» Task directions
From the line with "384 W. CAROLINE" to the end of the data below, restate each line word for word, both ends included, without the pictures.

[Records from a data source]
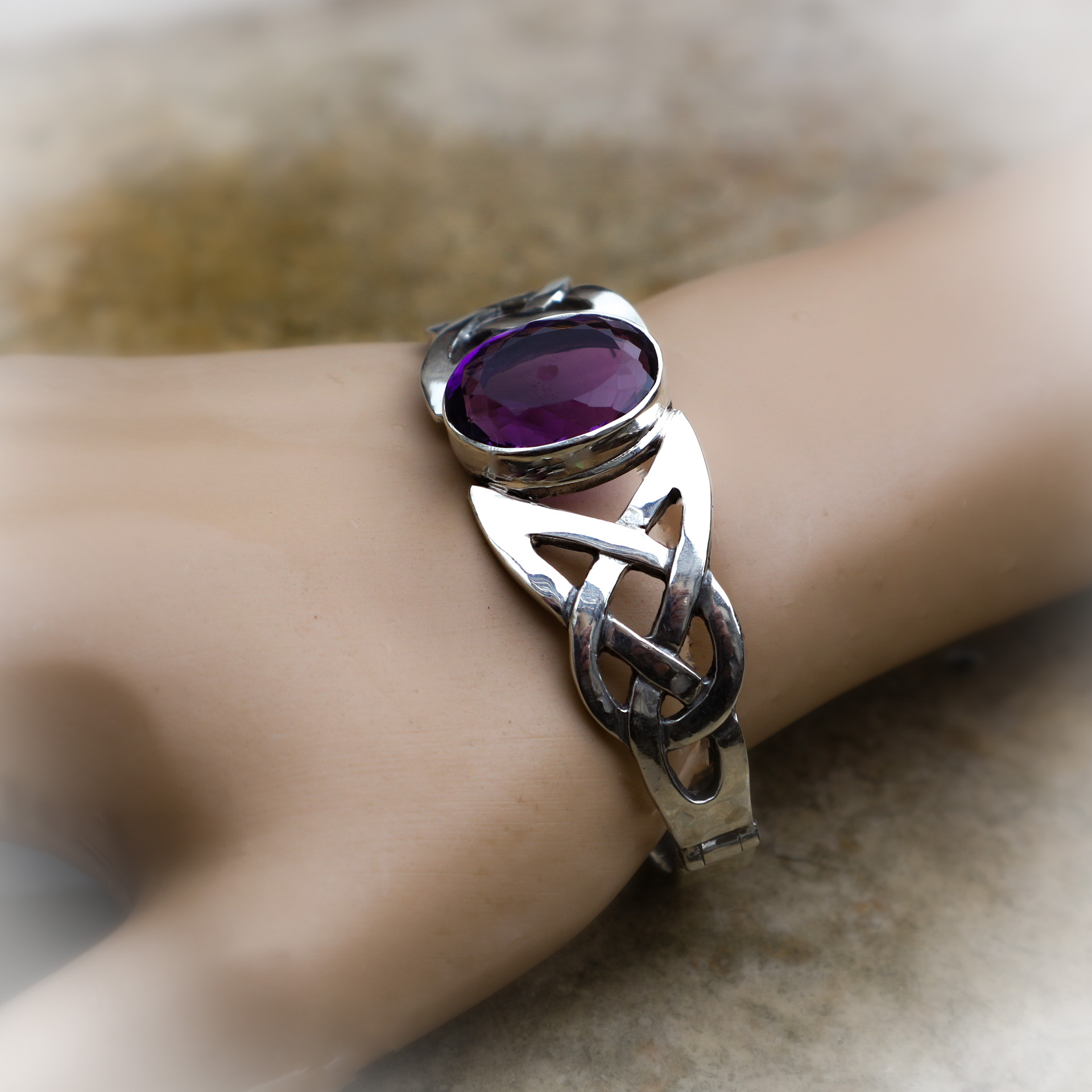 De blikvanger in deze armband is een facetgeslepen amethyst steen met een geweldig mooie, dieppaarse kleur van een behoorlijk formaat ; 14×18 mm .
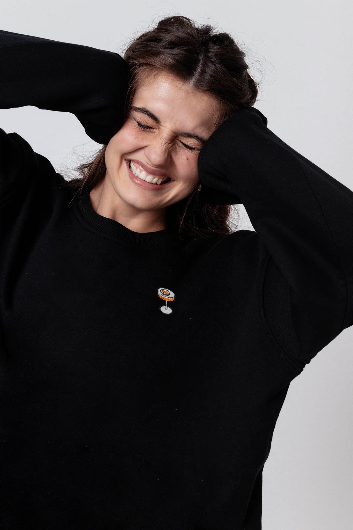 Bestickter Bio Baumwoll Frauen Pullover mit schwerem Stoff (320gsm) und gesticktem Pornstar Martini Design
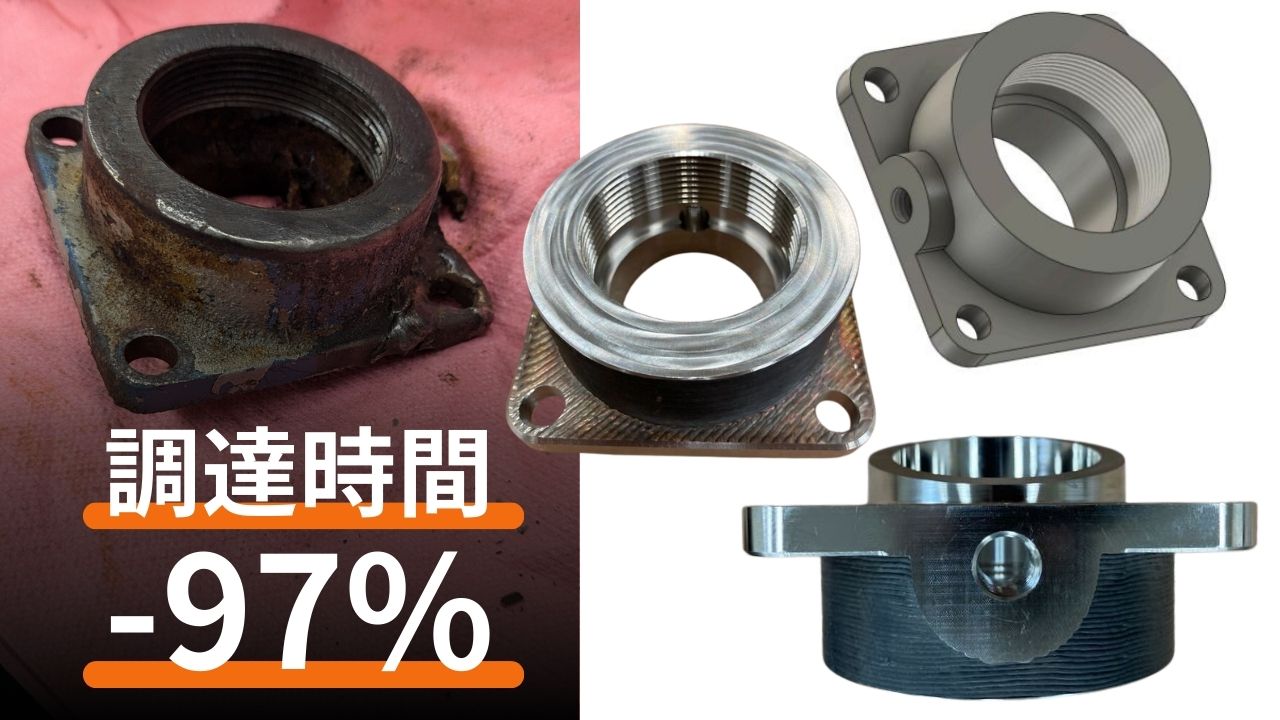 金属3Dプリント:強度が求められる部品のためワイヤーDED方式のMeltio M600を採用。本部品は約10時間で造形。
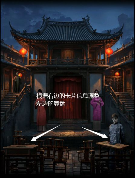 1、根据右边蓝色纸人手边的卡片正面“个万十千百”和背面“一五四六九”,点击左边桌上的算盘,获得纸元宝。
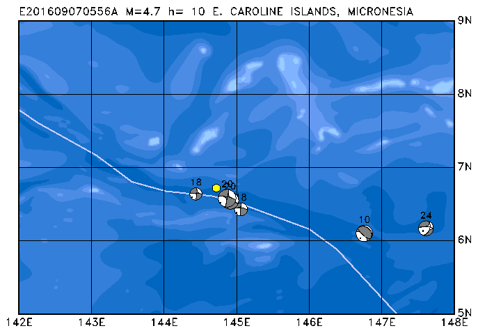 384 W. CAROLINE ISLANDS, MICRONESIA PDEW h= 10 M=4.9 E201609301148A
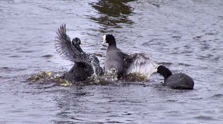 Het spel is op de wagen: met dit soort lenteachtige temperaturen raken de hormonen verhit en zijn overal paringsactiviteiten te zien, zoals bij deze meerkoeten in De Wilck.
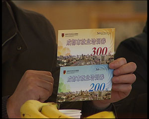 胡大全正在享受的是金堂縣以培訓(xùn)促進(jìn)就業(yè)的優(yōu)惠政策:免費(fèi)入讀由縣勞動(dòng)局開辦的培訓(xùn)班學(xué)習(xí)技術(shù),在金堂縣,承擔(dān)這項(xiàng)任務(wù)的有一個(gè)就業(yè)訓(xùn)練中心,兩所技術(shù)學(xué)校,以及像白果鎮(zhèn)制鞋培訓(xùn)班這樣的,深入到各鄉(xiāng)各村的流動(dòng)培訓(xùn)班,一旦有30人報(bào)名就可立即開班,從2008年9月至今,全縣已有2025名返鄉(xiāng)農(nóng)民工參加了培訓(xùn),基本上每個(gè)班結(jié)業(yè)時(shí),廠家都會(huì)直接到現(xiàn)場(chǎng)招人。

» Solution
 384 W. CAROLINE ISLANDS, MICRONESIA PDEW h= 10 M=4.9 E201609301148A
 Het spel is op de wagen: met dit soort lenteachtige temperaturen raken de hormonen verhit en zijn overal paringsactiviteiten te zien, zoals bij deze meerkoeten in De Wilck.
 胡大全正在享受的是金堂縣以培訓(xùn)促進(jìn)就業(yè)的優(yōu)惠政策:免費(fèi)入讀由縣勞動(dòng)局開辦的培訓(xùn)班學(xué)習(xí)技術(shù),在金堂縣,承擔(dān)這項(xiàng)任務(wù)的有一個(gè)就業(yè)訓(xùn)練中心,兩所技術(shù)學(xué)校,以及像白果鎮(zhèn)制鞋培訓(xùn)班這樣的,深入到各鄉(xiāng)各村的流動(dòng)培訓(xùn)班,一旦有30人報(bào)名就可立即開班,從2008年9月至今,全縣已有2025名返鄉(xiāng)農(nóng)民工參加了培訓(xùn),基本上每個(gè)班結(jié)業(yè)時(shí),廠家都會(huì)直接到現(xiàn)場(chǎng)招人。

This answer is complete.